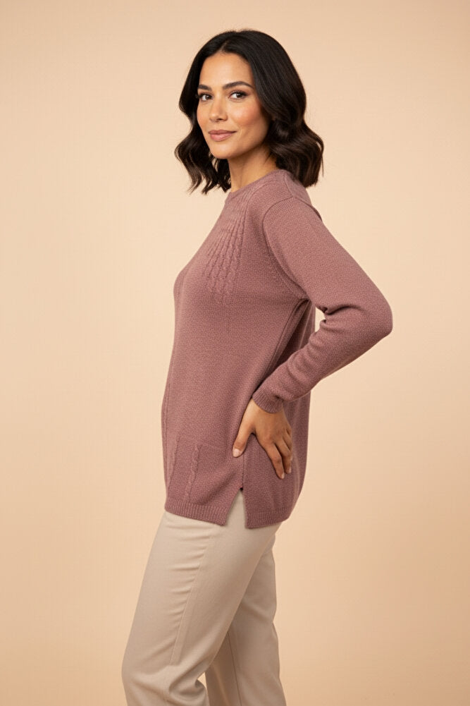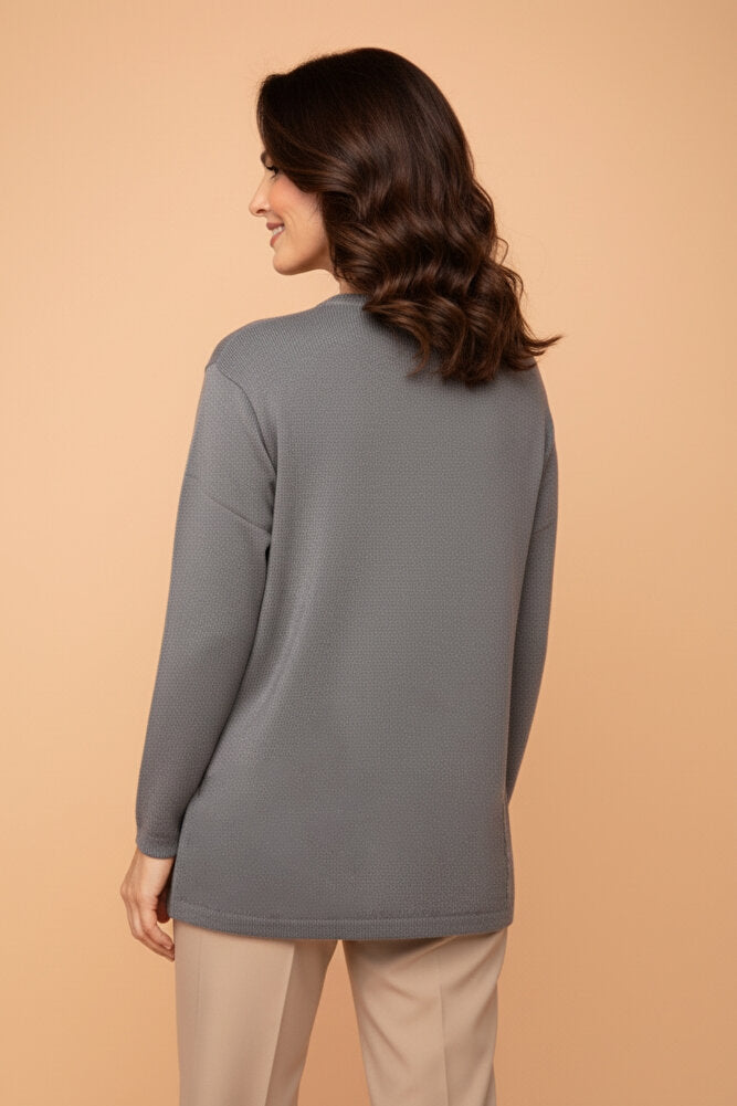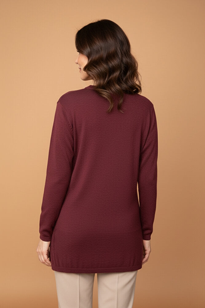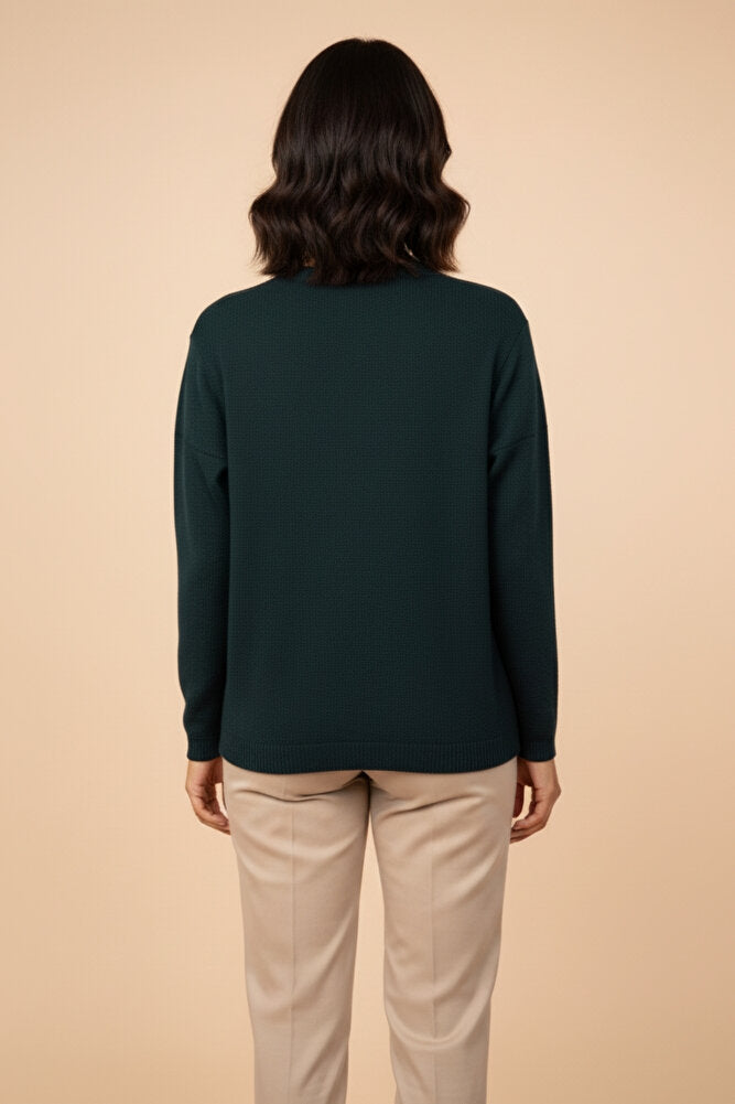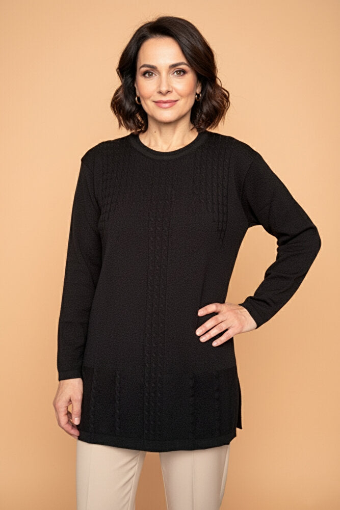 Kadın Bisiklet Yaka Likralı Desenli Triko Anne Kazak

——

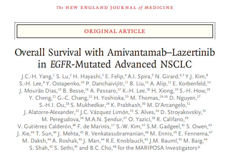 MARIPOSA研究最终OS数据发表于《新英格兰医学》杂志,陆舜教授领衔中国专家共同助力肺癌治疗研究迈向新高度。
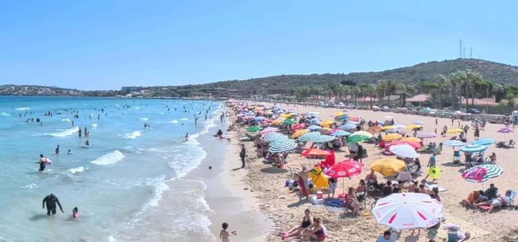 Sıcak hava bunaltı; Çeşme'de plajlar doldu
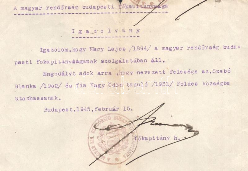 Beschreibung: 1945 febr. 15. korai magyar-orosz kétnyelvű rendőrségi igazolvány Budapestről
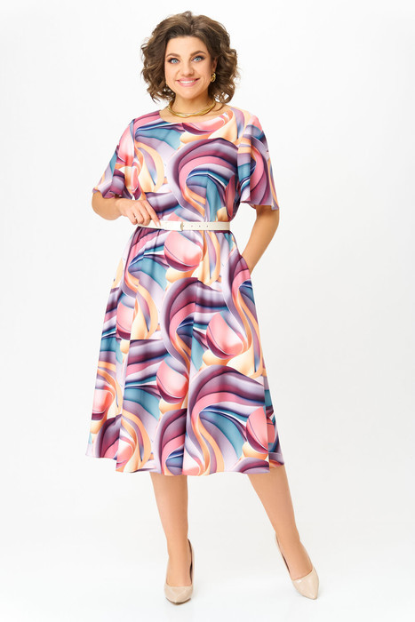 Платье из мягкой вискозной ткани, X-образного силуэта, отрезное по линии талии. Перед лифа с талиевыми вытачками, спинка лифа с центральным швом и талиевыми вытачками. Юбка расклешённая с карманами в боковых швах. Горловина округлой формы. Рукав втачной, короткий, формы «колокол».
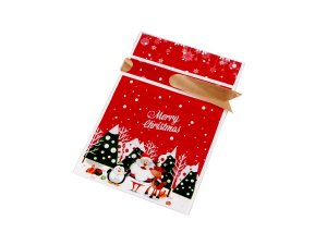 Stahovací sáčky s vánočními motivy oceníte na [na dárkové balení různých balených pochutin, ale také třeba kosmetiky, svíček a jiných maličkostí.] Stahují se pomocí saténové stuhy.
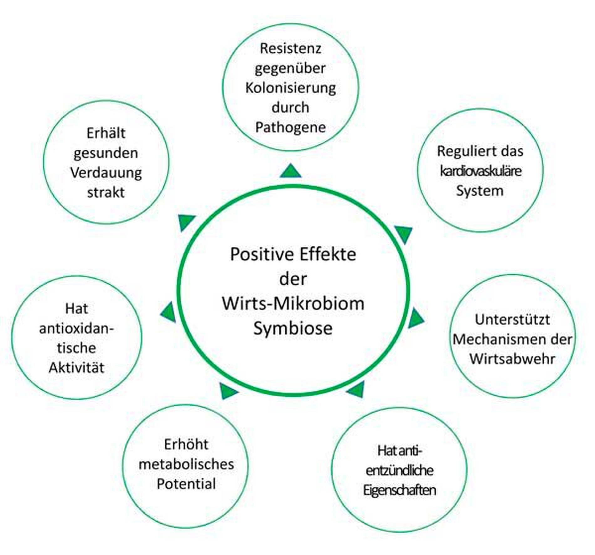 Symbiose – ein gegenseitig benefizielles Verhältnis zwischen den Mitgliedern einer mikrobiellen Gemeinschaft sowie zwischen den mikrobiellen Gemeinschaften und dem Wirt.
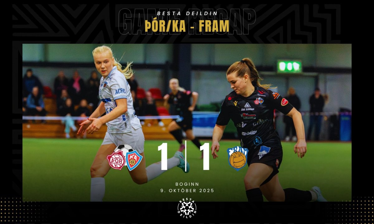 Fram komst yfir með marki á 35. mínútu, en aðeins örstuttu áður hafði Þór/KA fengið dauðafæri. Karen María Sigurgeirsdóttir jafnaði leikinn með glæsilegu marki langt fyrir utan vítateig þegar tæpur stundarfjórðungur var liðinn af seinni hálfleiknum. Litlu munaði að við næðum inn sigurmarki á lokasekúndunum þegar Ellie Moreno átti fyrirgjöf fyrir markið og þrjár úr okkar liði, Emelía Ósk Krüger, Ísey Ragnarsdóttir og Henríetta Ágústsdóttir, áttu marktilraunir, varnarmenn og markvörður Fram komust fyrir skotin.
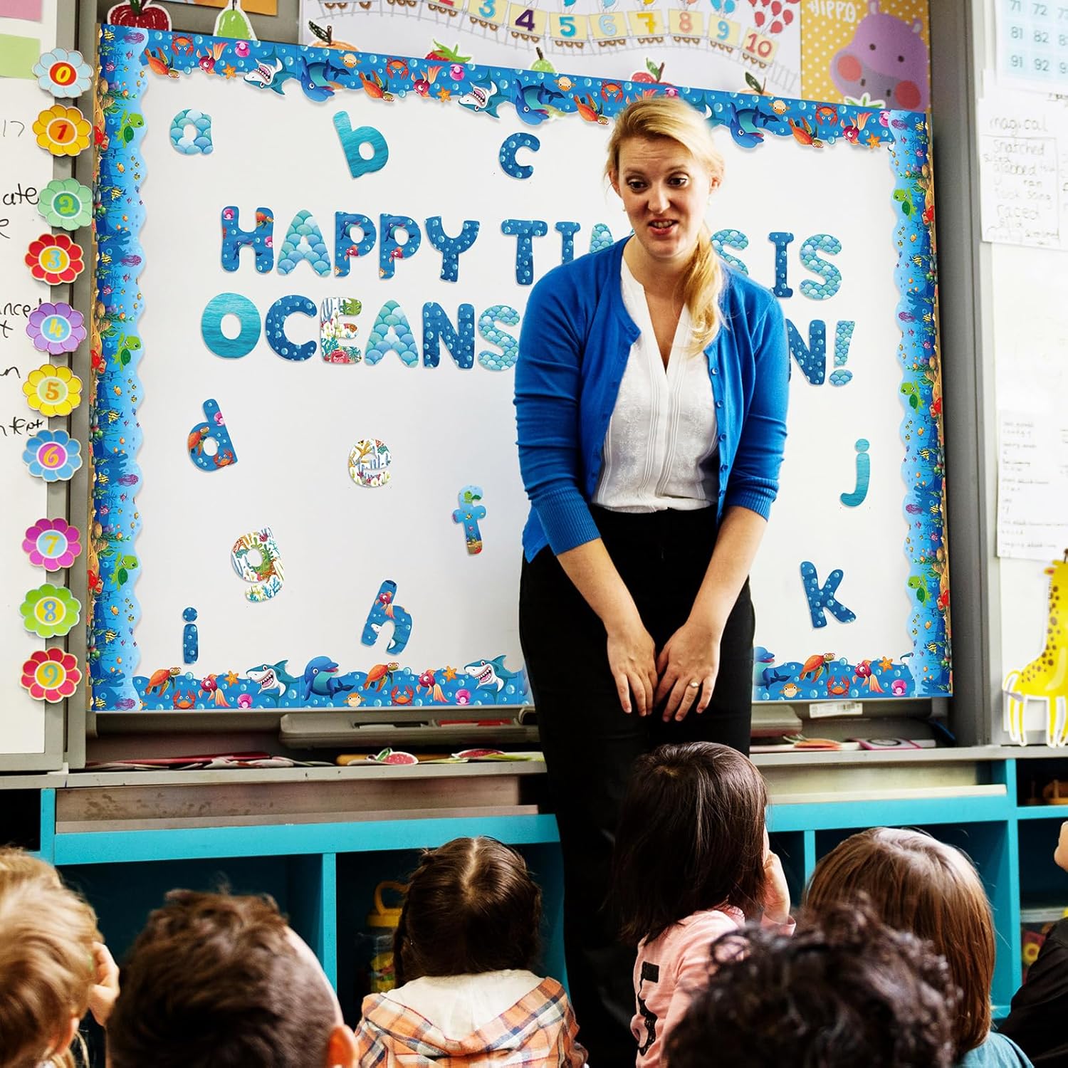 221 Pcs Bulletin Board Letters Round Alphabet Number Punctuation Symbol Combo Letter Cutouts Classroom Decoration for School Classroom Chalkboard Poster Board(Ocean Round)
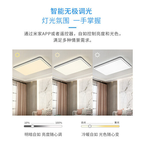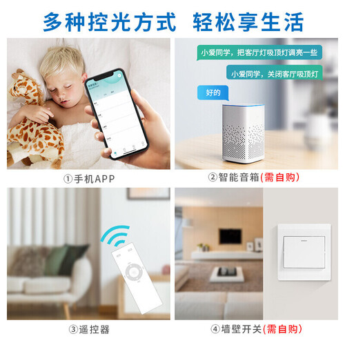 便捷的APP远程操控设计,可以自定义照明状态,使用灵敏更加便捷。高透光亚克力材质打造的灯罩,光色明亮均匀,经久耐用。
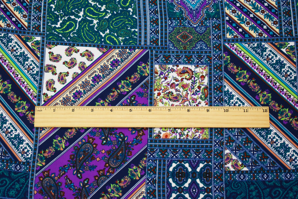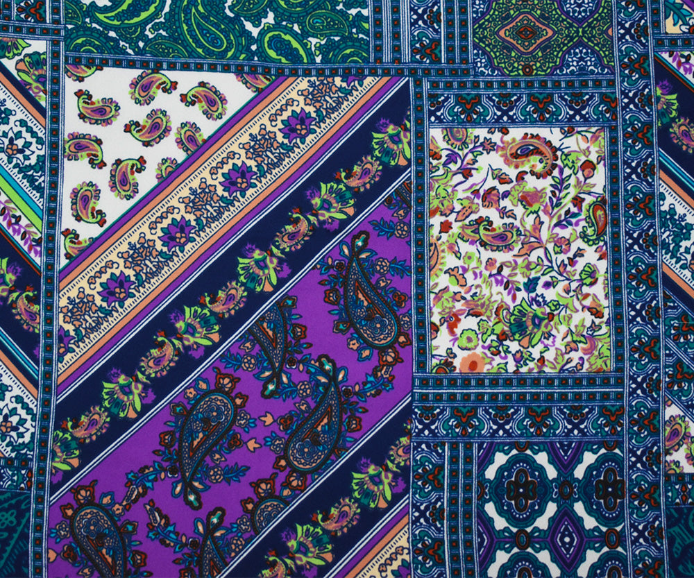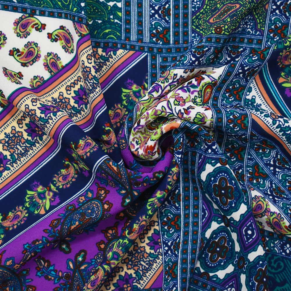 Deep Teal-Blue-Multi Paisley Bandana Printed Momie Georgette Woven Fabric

——

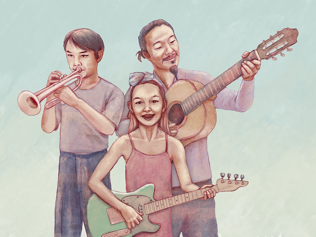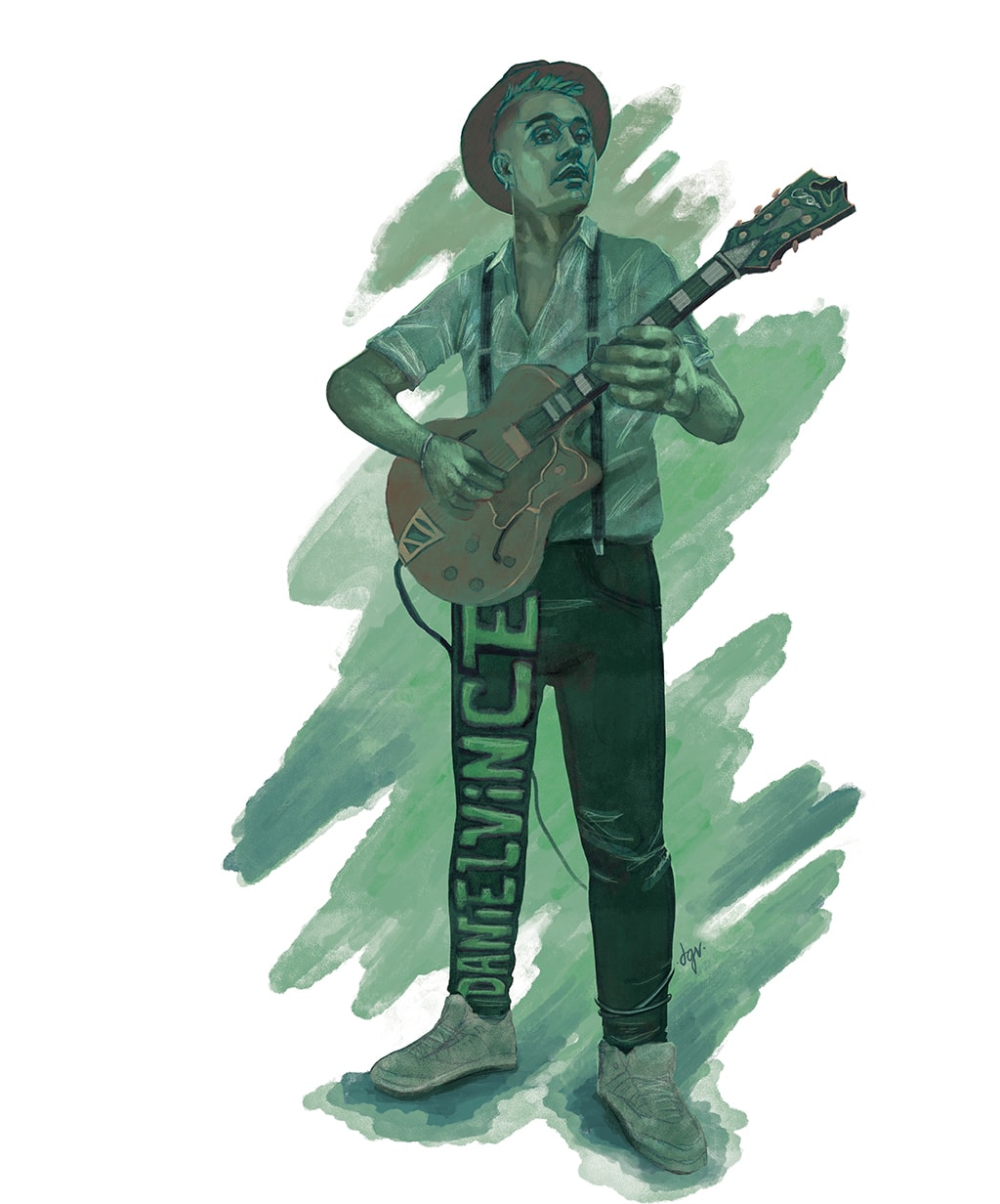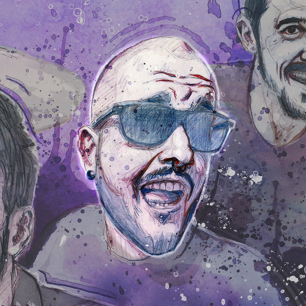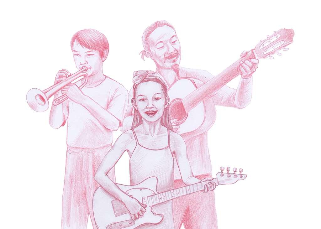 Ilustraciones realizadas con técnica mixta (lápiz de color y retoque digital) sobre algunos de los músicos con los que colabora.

——

* Work to complete *
In the data above, find the line containing "MARIPOSA研究最终OS" and the line containing "Stahovací sáčky s". Copy exactly the stretch from the first through the second, both included, leaving out any picture.

* Completed task *
 MARIPOSA研究最终OS数据发表于《新英格兰医学》杂志,陆舜教授领衔中国专家共同助力肺癌治疗研究迈向新高度。
 Sıcak hava bunaltı; Çeşme'de plajlar doldu
 Beschreibung: 1945 febr. 15. korai magyar-orosz kétnyelvű rendőrségi igazolvány Budapestről
 Платье из мягкой вискозной ткани, X-образного силуэта, отрезное по линии талии. Перед лифа с талиевыми вытачками, спинка лифа с центральным швом и талиевыми вытачками. Юбка расклешённая с карманами в боковых швах. Горловина округлой формы. Рукав втачной, короткий, формы «колокол».
 Stahovací sáčky s vánočními motivy oceníte na [na dárkové balení různých balených pochutin, ale také třeba kosmetiky, svíček a jiných maličkostí.] Stahují se pomocí saténové stuhy.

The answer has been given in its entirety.